Every Breath
- Author: Nicholas Sparks
- Publication date: 2018
- ISBN: 9781538728536

= Every Breath (novel) =

2018 novel by Nicholas Sparks

Every Breath is a 2018 romance novel by American writer Nicholas Sparks.

== Plot ==
Hope Anderson is a 36-year-old trauma nurse, who was celebrating her friend's wedding at Sunset Beach, North Carolina. She was struggling due to her father getting diagnosed with ALS. On the other side, Tru Wall, a Zimbabwean 42-year-old safari guide came to the United States on a trip. One day, Tru and Hope meet, and randomly start to have a small liking to each other.

== Reception ==
Reviewers agreed that Sparks's fans would enjoy Every Breath. Deccan Herald's Chethana Dinesh found that the novel included what Sparks's fans generally expect: "Dollops of love, hope, and dreams, a tinge of sadness, and lots of tears," though they noted it as not "as impacting as his earlier novels, especially The Notebook, A Walk to Remember, Nights in Rodanthe, and Two by Two."

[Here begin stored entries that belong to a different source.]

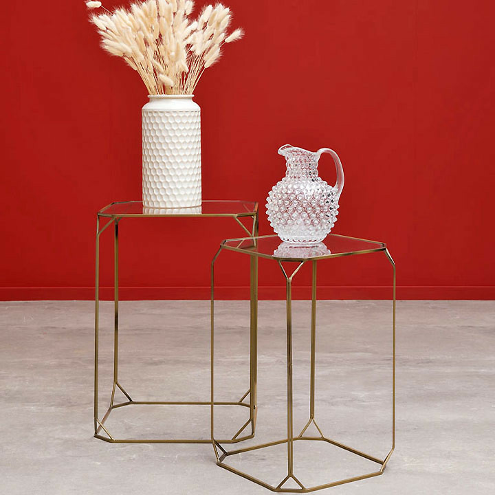Pensées pour s’adapter à vos envies, ces deux tables peuvent être utilisées ensemble pour composer un coin lounge élégant ou disposées séparément afin de structurer et sublimer différentes zones de votre pièce. Leur design géométrique et leur esprit moderne en font un choix idéal pour un salon, une chambre ou un bureau, qu’il soit contemporain ou inspiré de l’Art Déco.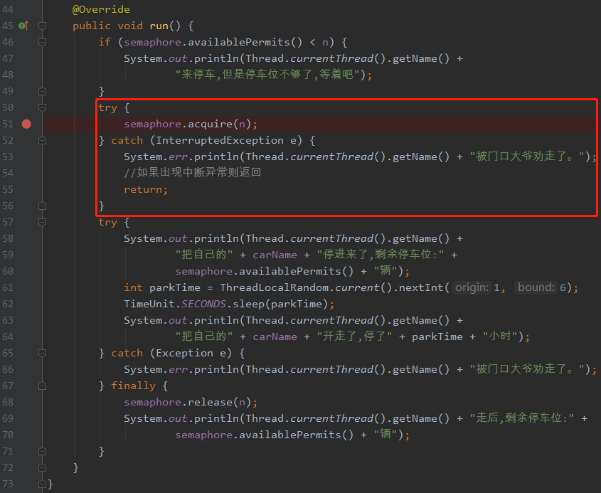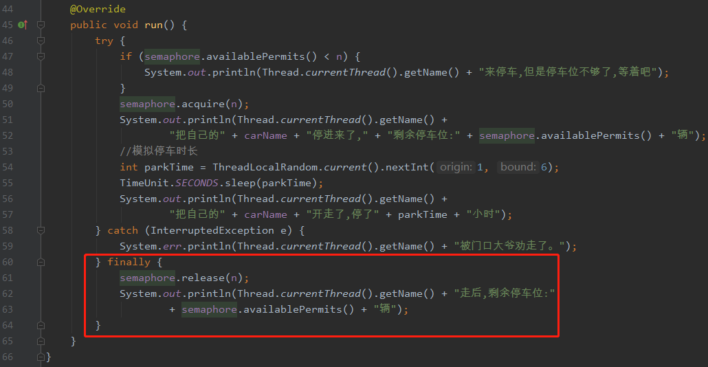 System.out.println(Thread.currentThread().getName() + "把自己的" + carName + "停进来了,剩余停车位:" + semaphore.availablePermits() + "辆");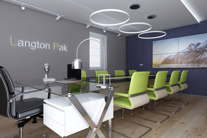 Задача была сделать красивый современный дизайн проект офисных помещений с использованием корпоративного цвета на стенах и полу, а также логотипа в качестве акцента в дизайне.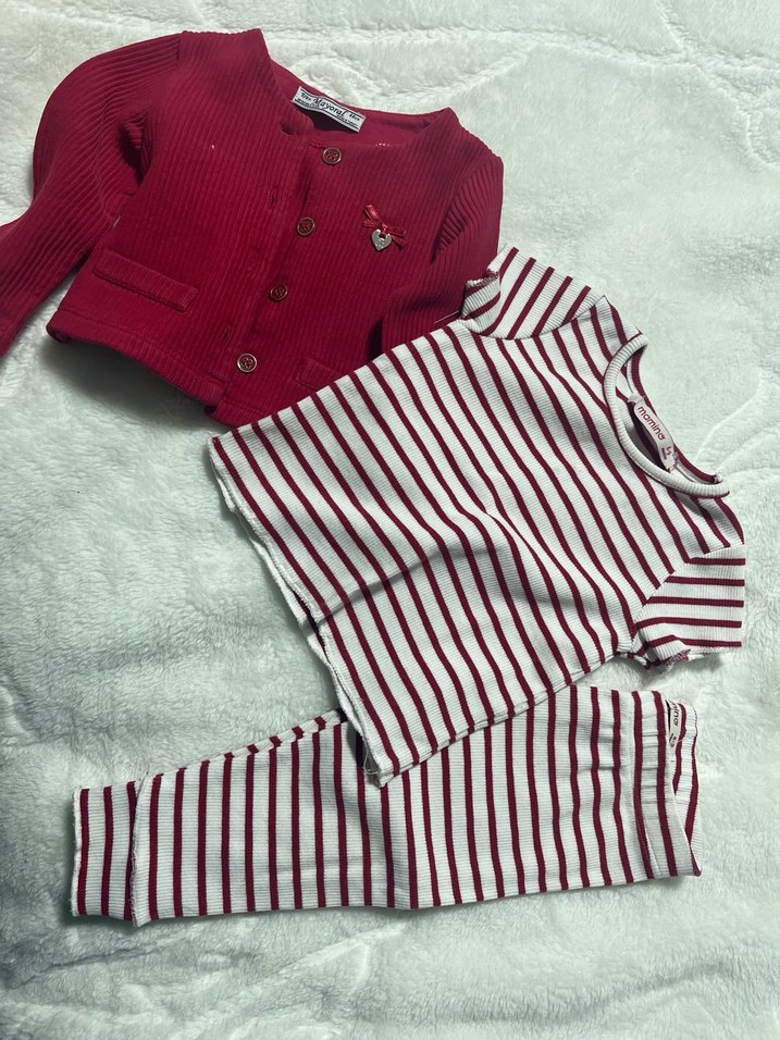 Kız bebek için uzun kollu kırmızı örgü hırka ile kırmızı-beyaz çizgili üst ve pantolon takımı. Canlı ve rahat bir görünüm sunar. Marka temsili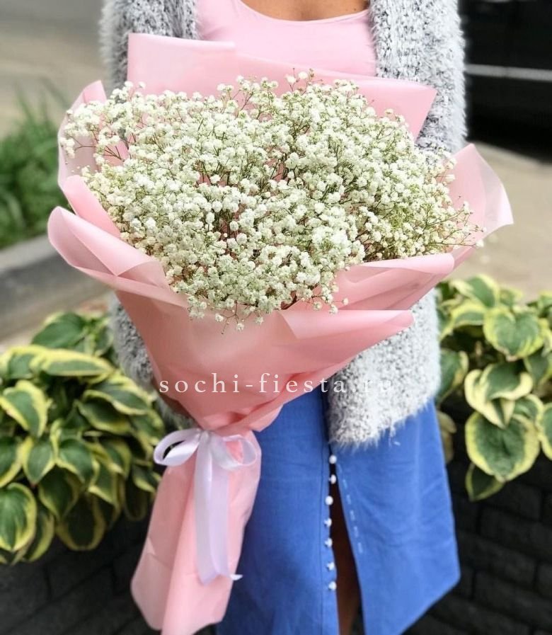 7 радужных голландских гипсофил, лента, комбинированная упаковка.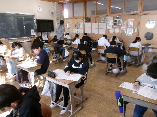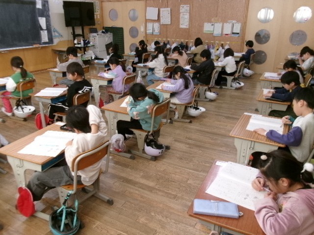 1月16日(金) 1・2校時に全校で国語と算数の学力テストをおこないました。

USA Today's Jocelyn McClurg agreed with the latter point, stating she was "already feeling a little choked up" based on the names "Tru Walls and Hope Anderson".

However, according to Publishers Weekly, the protagonists felt "cookie-cutter", though "the rich setting helps bring life to their story."

Multiple reviewers were impressed by the story's inspiration from a mailbox known as the Kindred Spirit, "where people have left their love-letters for many years for others to read and share".